→ **Task brief**:
In your copy of the data, omit the pictures and keep all else exactly as given.

Stored items
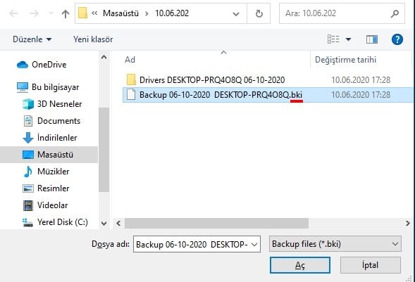 2. Yedeği aldığınız klasör içerisinde yeralan .bki uzantılı dosyayı gösterin ve aç deyin
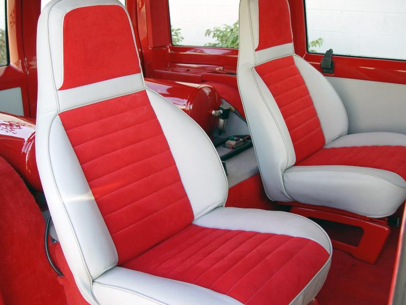 03 ESCALADE FRONT END 89 DEVILLE TAILLIGHTS SHAVED DOOR HANDLES AND GAS DOOR SMOOTH ROLL PAN TWO TONE RED PAINT WITH SILVER FLAME DONE BY MAD PROFESSOR CUSTOMS
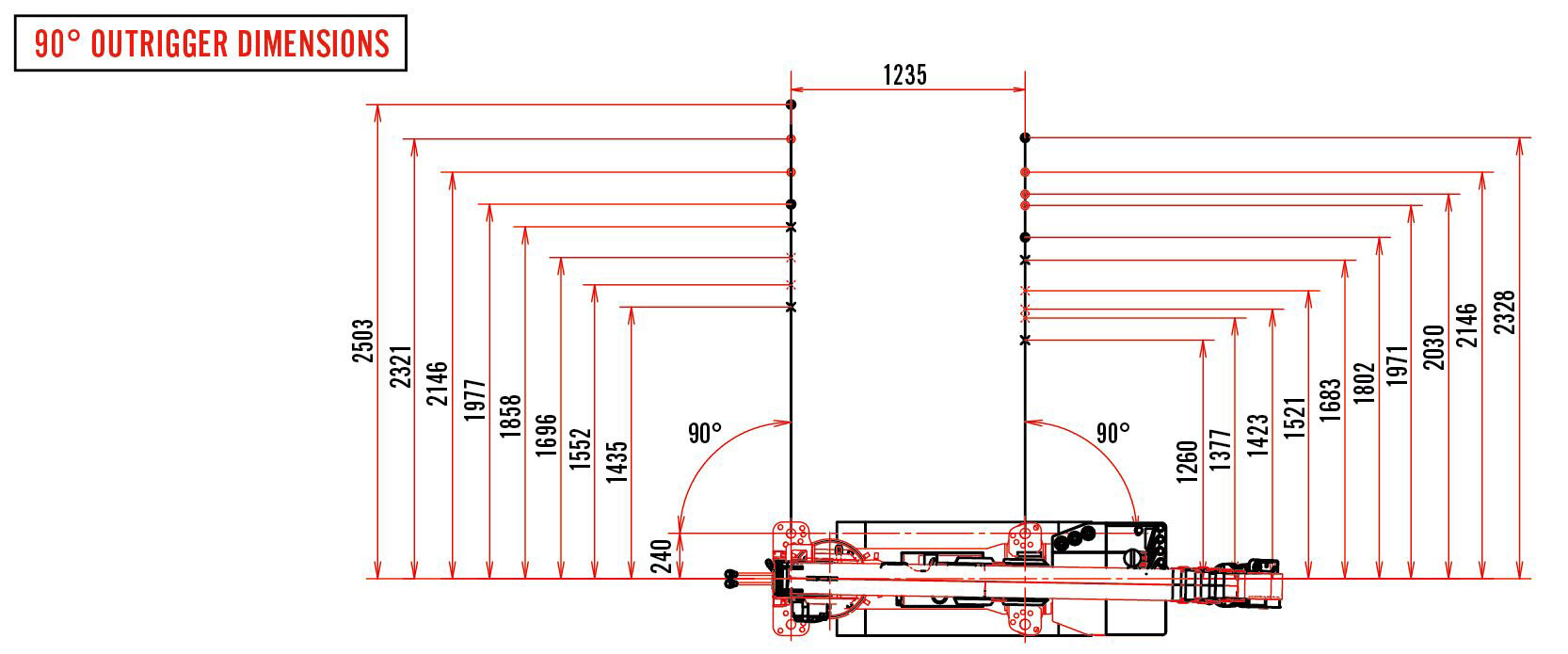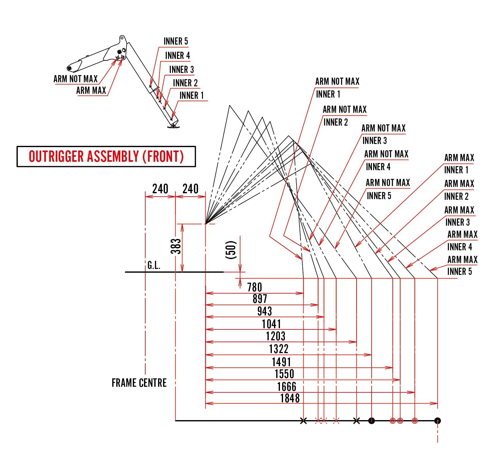 The addition of variable outriggers means this mini crane can operate in spaces where other mini cranes cannot. The adjustable outriggers reduce the working footprint of this already compact mini machine, making it ideal for working in extremely tight and small spaces.
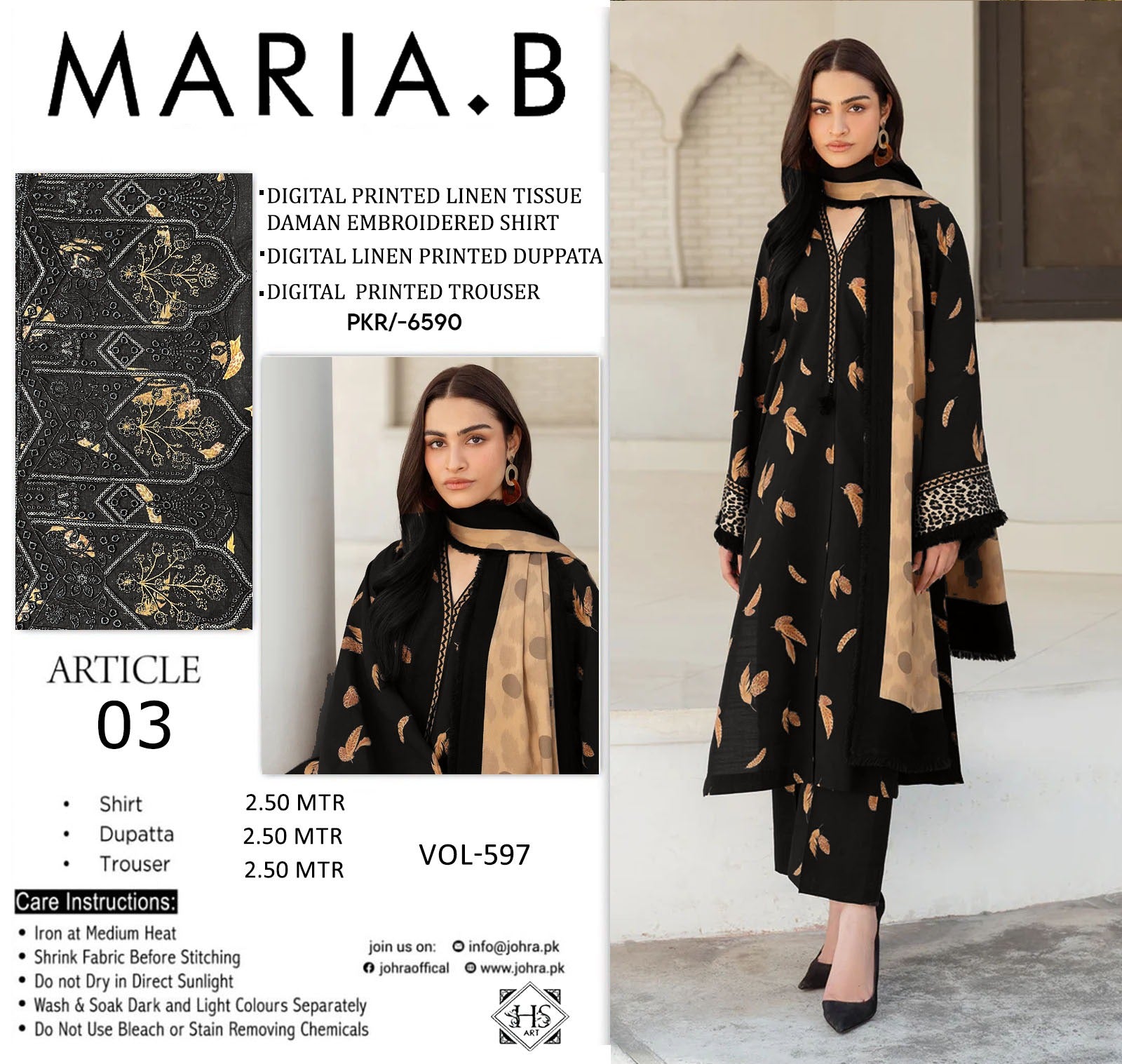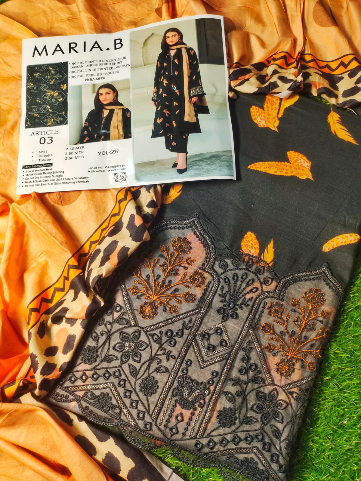 This set features a digitally printed linen shirt with allover designs on the body, sleeves, and trousers. The daman is enhanced with embroidered detailing, complemented by an attached tissue patch. The ensemble is completed with a digitally printed linen dupatta, ensuring a cohesive and refined look.
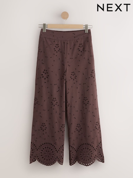 Chocolate Brown Broderie Crop Wide Leg Trousers
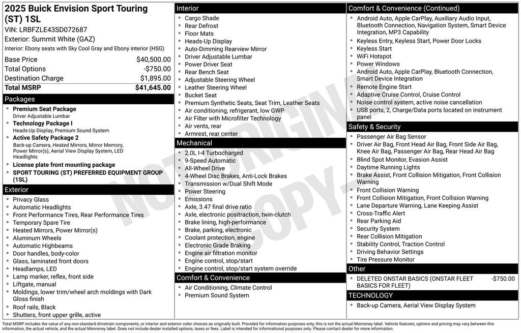 Our **One Owner**Accident Free**2025**Buick**Envision**Sport Touring**AWD**Navigation**Leather Seats** is a spirited choice engineered for today's drivers in Summit White! Powered by a TurboCharged 2.0 Liter 4 Cylinder offering 228hp paired with a 9 Speed Automatic transmission for dynamic capability on your command. This All Wheel Drive SUV also rewards you with nimble handling for successful city travel, and it returns nearly 29mpg on the highway. A premium presence, our Envision invites you to enjoy LED lighting, Dark Gloss body moldings, black roof rails, and eye-catching 20-inch alloy wheels.
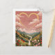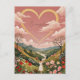 A young girl stands silhouetted against a breathtaking vista of a sprawling valley bathed in the soft hues of a pink sunset. Above her, amidst the fluffy clouds, a delicate golden heart shimmers, a symbol of love and hope. Did you know, the human heart beats approximately 100,000 times a day, tirelessly pumping life throughout our bodies? This design beautifully captures the boundless spirit of youth, the heart's endless capacity for love, and the awe-inspiring beauty of the natural world.

→ **Exercise output**:
 2. Yedeği aldığınız klasör içerisinde yeralan .bki uzantılı dosyayı gösterin ve aç deyin
 03 ESCALADE FRONT END 89 DEVILLE TAILLIGHTS SHAVED DOOR HANDLES AND GAS DOOR SMOOTH ROLL PAN TWO TONE RED PAINT WITH SILVER FLAME DONE BY MAD PROFESSOR CUSTOMS
 The addition of variable outriggers means this mini crane can operate in spaces where other mini cranes cannot. The adjustable outriggers reduce the working footprint of this already compact mini machine, making it ideal for working in extremely tight and small spaces.
 This set features a digitally printed linen shirt with allover designs on the body, sleeves, and trousers. The daman is enhanced with embroidered detailing, complemented by an attached tissue patch. The ensemble is completed with a digitally printed linen dupatta, ensuring a cohesive and refined look.
 Chocolate Brown Broderie Crop Wide Leg Trousers
 Our **One Owner**Accident Free**2025**Buick**Envision**Sport Touring**AWD**Navigation**Leather Seats** is a spirited choice engineered for today's drivers in Summit White! Powered by a TurboCharged 2.0 Liter 4 Cylinder offering 228hp paired with a 9 Speed Automatic transmission for dynamic capability on your command. This All Wheel Drive SUV also rewards you with nimble handling for successful city travel, and it returns nearly 29mpg on the highway. A premium presence, our Envision invites you to enjoy LED lighting, Dark Gloss body moldings, black roof rails, and eye-catching 20-inch alloy wheels.
 A young girl stands silhouetted against a breathtaking vista of a sprawling valley bathed in the soft hues of a pink sunset. Above her, amidst the fluffy clouds, a delicate golden heart shimmers, a symbol of love and hope. Did you know, the human heart beats approximately 100,000 times a day, tirelessly pumping life throughout our bodies? This design beautifully captures the boundless spirit of youth, the heart's endless capacity for love, and the awe-inspiring beauty of the natural world.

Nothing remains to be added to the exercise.